(RECORDED DATA begins)

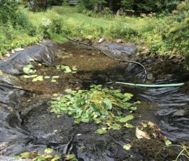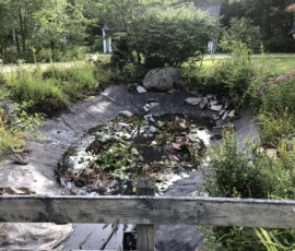 A very large pond in Durham, NH with two sections divided by a walking bridge being drained and cleaned. We also upgraded the ponds filtration and added a second pump:
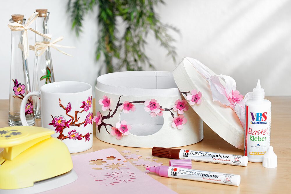 Tasse und Geschenkschachtel im Kirschblüten-Design
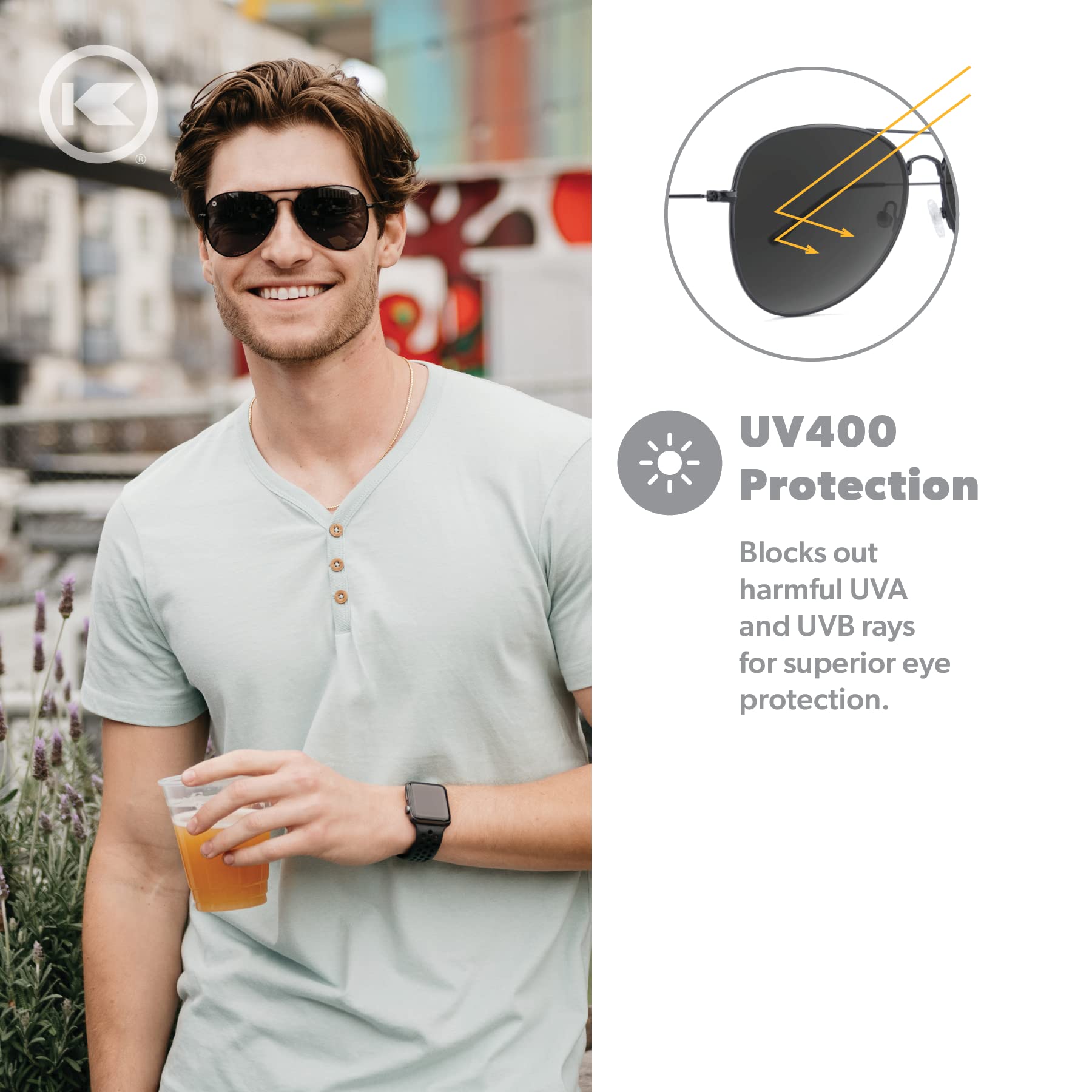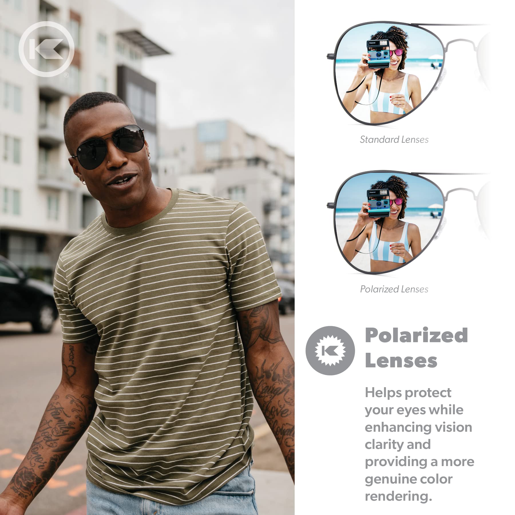 Knockaround Mile Highs Polarized Sunglasses - Aviator Sunglasses with Full UV400 Protection & Impact Resistant Lenses, Black Metal Frames/Black Lenses
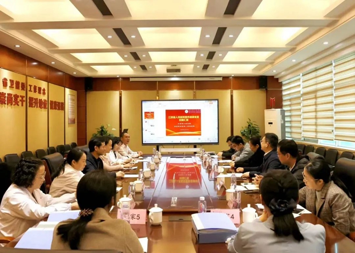 2023年4月24日,江西省卫健委药政食品处刘思海处长率专家一行8人来到江西省人民医院(南昌医学院第一附属医院)开展“营养健康示范食堂”现场评审。副院长邹清水出席,总务处、临床营养科相关负责同志参会。

(RECORDED DATA ends)

TASK REQUIREMENTS — Retype only the lines above from the one with "Tasse und Geschenkschachtel" through the one with "Knockaround Mile Highs", exactly and with both ends. Images stay out.

WRITTEN SOLUTION —
 Tasse und Geschenkschachtel im Kirschblüten-Design
 Knockaround Mile Highs Polarized Sunglasses - Aviator Sunglasses with Full UV400 Protection & Impact Resistant Lenses, Black Metal Frames/Black Lenses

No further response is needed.